Problem statement. From the listing below, reproduce exactly the lines starting with the one with "AHM wyss6982碎花刺绣勾花双层纱衬衫时尚翻领宽松上衣 商品图3" and going on through the one with "Fotomurales Ilustración monocroma", both ends kept. No picture is copied.

Exercise material.
== Segment start ==
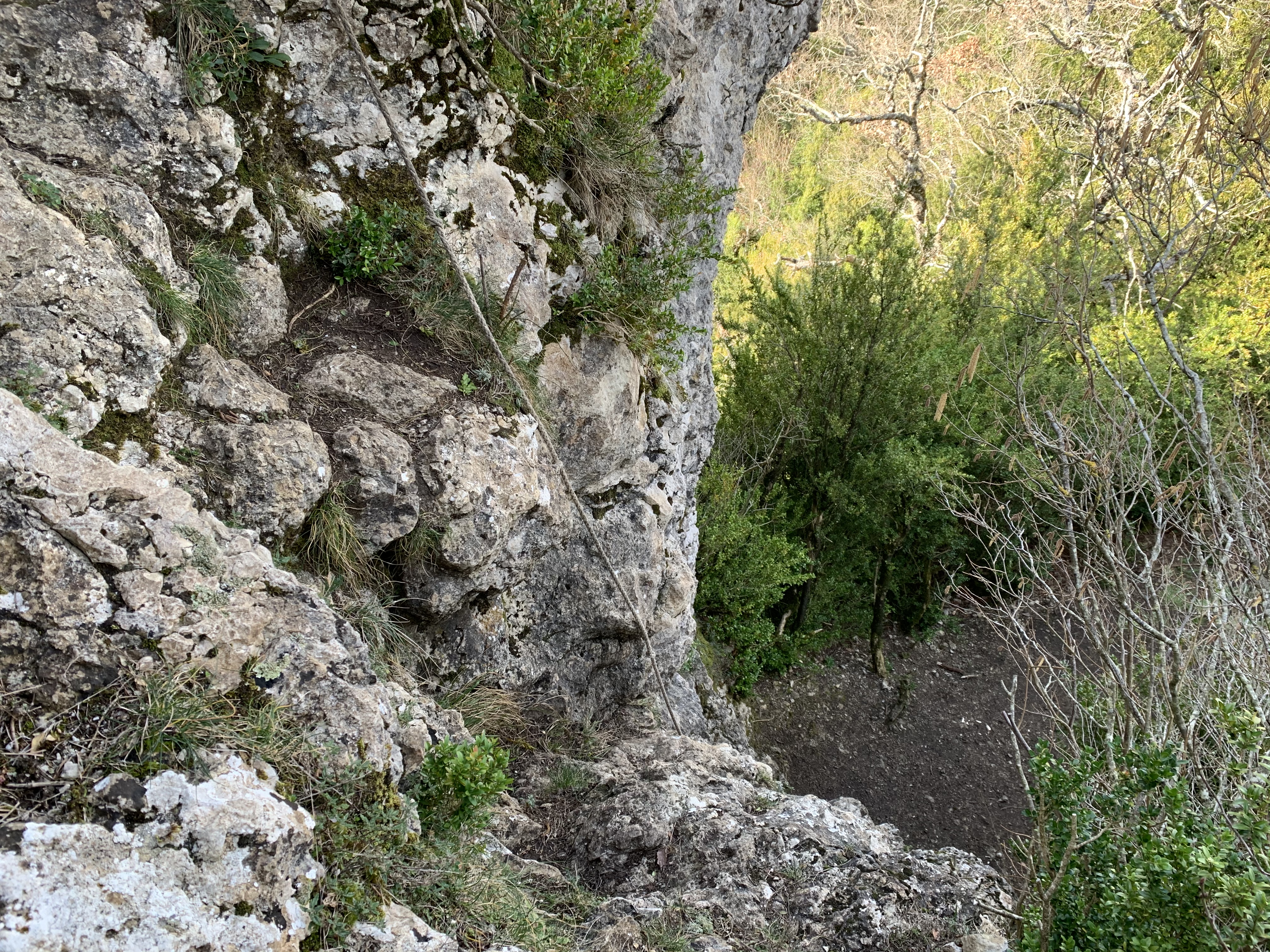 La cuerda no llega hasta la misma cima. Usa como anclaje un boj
== Segment end ==
== Segment start ==
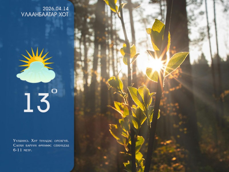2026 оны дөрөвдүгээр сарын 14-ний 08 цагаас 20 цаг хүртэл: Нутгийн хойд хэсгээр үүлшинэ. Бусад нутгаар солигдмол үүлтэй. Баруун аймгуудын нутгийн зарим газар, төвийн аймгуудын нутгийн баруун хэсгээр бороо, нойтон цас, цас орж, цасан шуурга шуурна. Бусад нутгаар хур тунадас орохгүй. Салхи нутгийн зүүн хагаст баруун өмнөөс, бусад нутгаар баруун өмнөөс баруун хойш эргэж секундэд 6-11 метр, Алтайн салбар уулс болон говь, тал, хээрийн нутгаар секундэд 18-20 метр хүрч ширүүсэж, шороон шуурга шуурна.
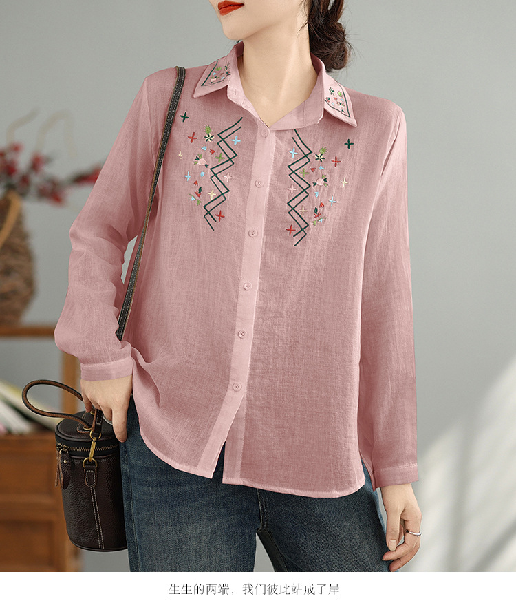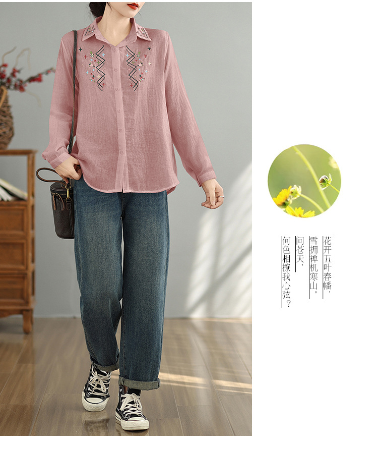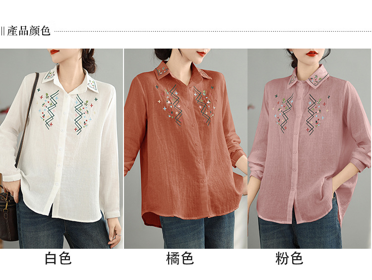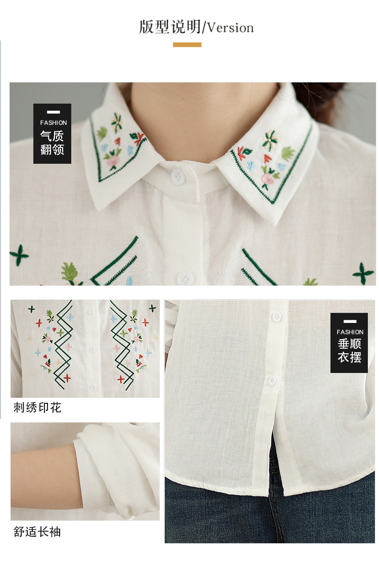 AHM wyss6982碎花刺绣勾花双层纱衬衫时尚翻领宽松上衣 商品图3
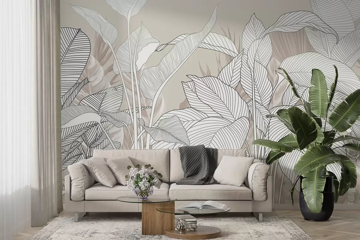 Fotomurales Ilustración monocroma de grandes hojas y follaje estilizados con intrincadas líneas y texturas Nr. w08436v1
== Segment end ==
Written answer.
 AHM wyss6982碎花刺绣勾花双层纱衬衫时尚翻领宽松上衣 商品图3
 Fotomurales Ilustración monocroma de grandes hojas y follaje estilizados con intrincadas líneas y texturas Nr. w08436v1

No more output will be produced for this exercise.